**Directions for this task**
Wherever a picture sits, omit it. Output the rest of the listing exactly.

**Source data**
------

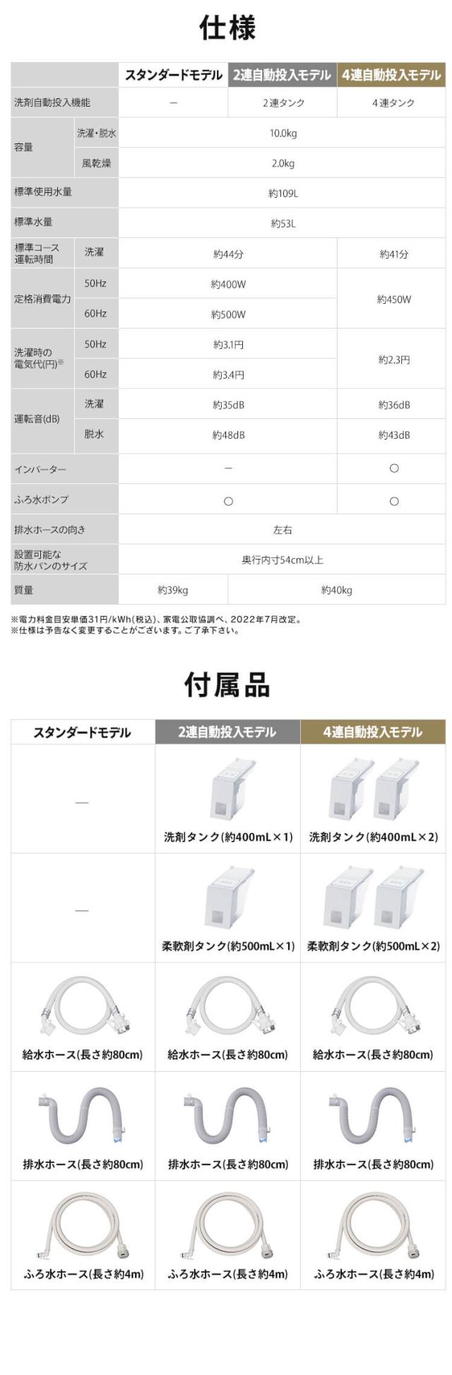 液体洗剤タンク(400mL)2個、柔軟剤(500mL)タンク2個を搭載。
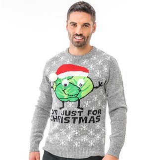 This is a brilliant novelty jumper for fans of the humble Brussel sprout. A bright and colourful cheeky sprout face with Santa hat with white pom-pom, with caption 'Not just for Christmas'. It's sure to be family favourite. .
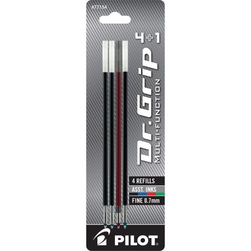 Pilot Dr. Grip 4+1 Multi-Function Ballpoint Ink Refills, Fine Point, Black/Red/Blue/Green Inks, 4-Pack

------

**Result**
 液体洗剤タンク(400mL)2個、柔軟剤(500mL)タンク2個を搭載。
 This is a brilliant novelty jumper for fans of the humble Brussel sprout. A bright and colourful cheeky sprout face with Santa hat with white pom-pom, with caption 'Not just for Christmas'. It's sure to be family favourite. .
 Pilot Dr. Grip 4+1 Multi-Function Ballpoint Ink Refills, Fine Point, Black/Red/Blue/Green Inks, 4-Pack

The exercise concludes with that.